Recovery of heat from the microturbine system allows Utilimaster to achieve higher fuel utilization efficiency -- all while greatly improving the overall effectiveness of some of their most crucial process heating applications. Processes directly affected by integration of the CHP system include:
- Vehicle drying line (figure 3).
- Convection type paint curing oven.
- Convection type parts drying oven.
- Vehicle masking and finishing line.
This solution involves the recovery and transfer of waste heat from the microturbine exhaust stream to a circulating fluid loop (the working fluid being water, in this case). Upon exiting the microturbine's onboard heating coil, the fluid -- now heated to approximately 190°F (88°C) -- is routed directly through a heat exchanger mounted in the regeneration section of a newly installed split-stream rotating wheel desiccant dehumidification unit located inside the vehicular drying room (figure 4).
This provides enough heat to sufficiently dry out (regenerate) the desiccant wheel following exposure of the wheel to the wet process airstream. The process repeats itself as the regenerated desiccant wheel once again is exposed to a stream of very humid air from the drying room. Moisture readily adheres to the surface of the wheel via adsorption to the silica gel material of which the desiccant wheel is constructed.
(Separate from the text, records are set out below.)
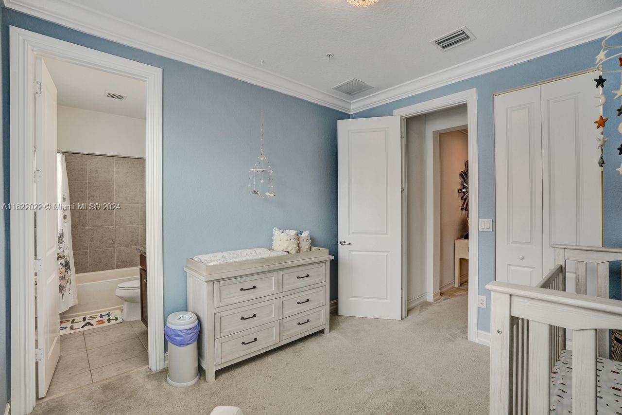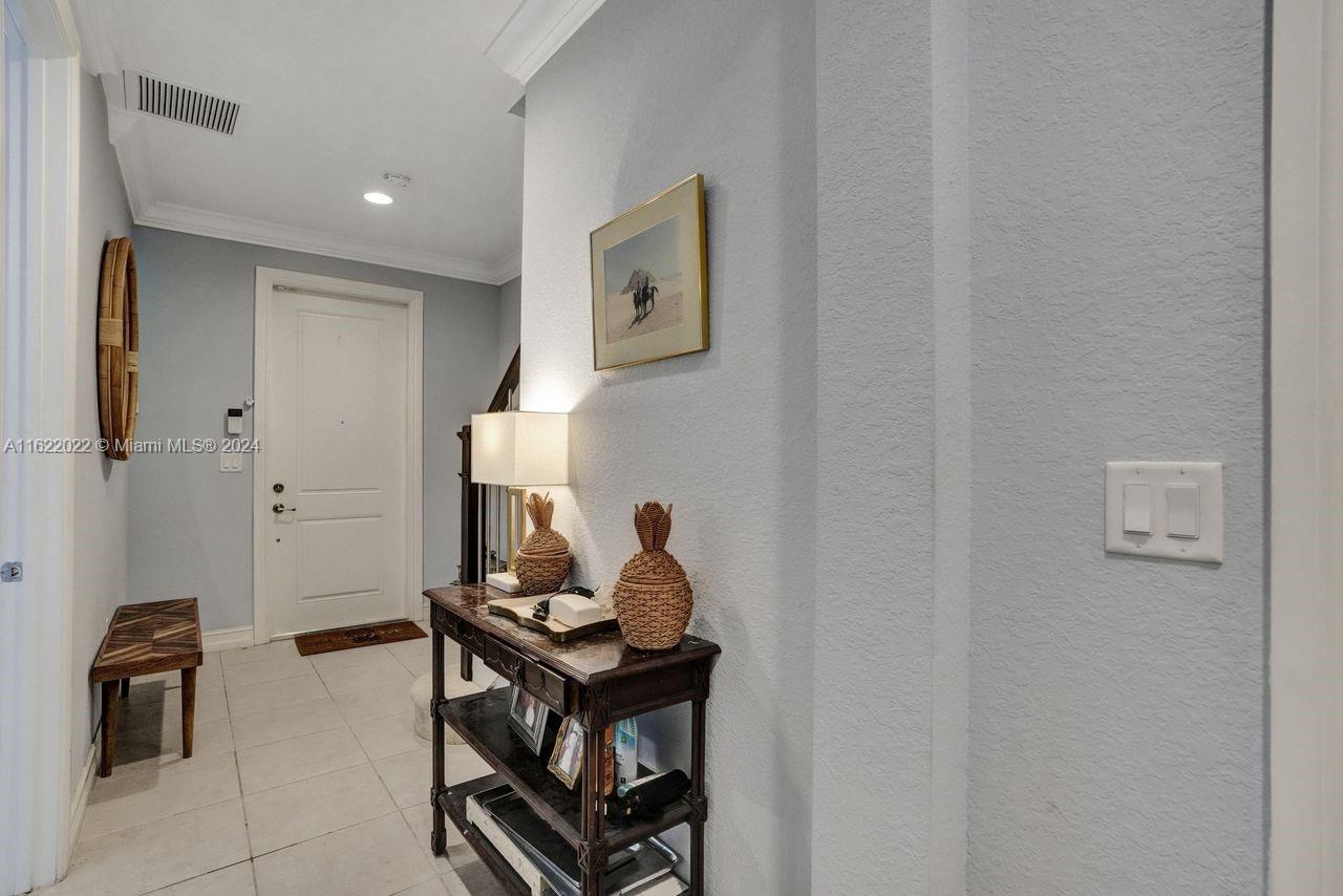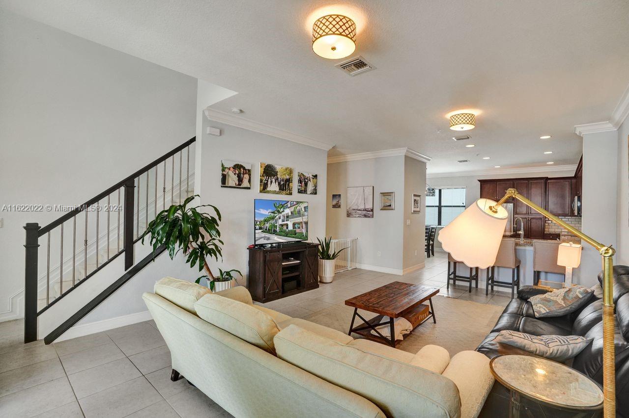 Welcome to this stunning tri-level townhome, in the sought-after community of Raintree. All three bedrooms have their own full bathroom, with a half bathroom in the main living area. The ground level features one bedroom with a walk-in closet. The primary bedroom is on the third level and features a shower, double sink, and a sitting area. The third bedroom has a full bathroom with a tub. Tile and carpet flooring. The kitchen with stainless steel appliances, a cooking island, and a formal dining area. The second and third floor has an outdoor balcony for your own private retreat. Numerous upgrades including custom crown molding throughout the entire home, upgraded staircases and kitchen backsplash. Impact windows. Two-car garage. Amenities include a community pool, clubhouse, and gym.
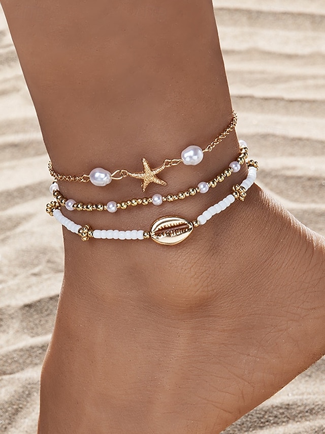Dámské vícebarevné bohémské náramky na kotník z pryskyřice a slitiny, perleťový a mušlový design, ideální na dovolenou, běžné nošení.#14310355
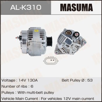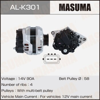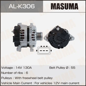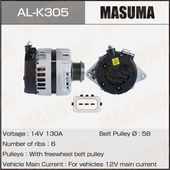 | 147230 | Masuma | AL-K305 | Masuma AL-K305 / ALK305 Генератор , KIA / G4FJ (14V/130A) | 10 | 20800 | Только для отправки по России. |  |
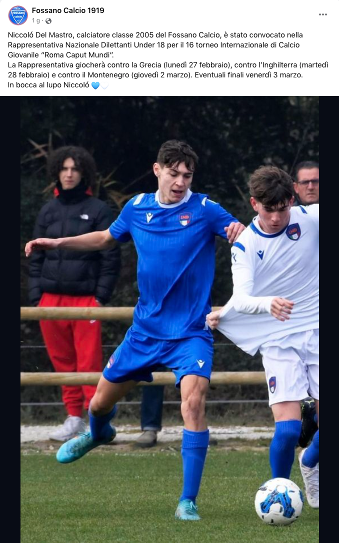 Il post Facebook del Fossano per l'orgoglio di casa Del Mastro
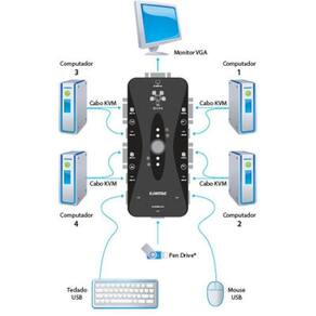 Acompanha: - Switch KVM USB com 4 portas USB Comtac

Moisture driven from the desiccant wheel during the regeneration process is discharged completely from the drying room. Whereas Utilimaster's original method of drying vehicles involved the firing of radiant-tube burners along with the continuous exhaust of tremendous amounts of air and heat from the drying room, this new method maximizes moisture removal while minimizing energy consumption. Microturbine-driven desiccant dehumidification has significantly improved the effectiveness of the vehicular drying process.
At the small parts paint curing booth, a tube-and-fin heat exchanger placed at the fresh air intake transfers energy from the CHP circulating fluid loop (presently at 170 to 175°F [76 to 80°C]) to the entering ambient makeup airstream. A direct-fired burner is used here to maintain the desired zone temperature within the convection oven.
The small parts drying booth is heated directly using the remaining energy contained in the microturbine's exhaust stream. A temperature probe in the duct controls the amount of energy delivered (i.e., exhaust stream will bypass oven to atmosphere if oven setpoint temperature is exceeded).
Finally, heated regeneration air from the desiccant system is routed to other areas of the plant as required. This reduces the total heating load for existing plant space heaters.
Both technologies -- microturbine and reciprocating engines -- are suitable for such applications, although each may possess certain advantages over the other in some key areas (technically as well as financially). This should be considered carefully during the preliminary energy study. A few of the major factors to consider for preliminary determination of the economic viability of a CHP project are:
- Price of utility purchased electricity (current and future).
- Price of natural gas (current and future).
- Energy usage profile (electric and gas).
- Plant and process operating profile (days and hours of operation).
- Estimated efficiency of incumbent, in-plant heat sources.
Each of the profiled installations demonstrates the flexibility and diverse applicability of CHP systems to the industrial process heating community. Could CHP benefit your energy-intensive process heating needs?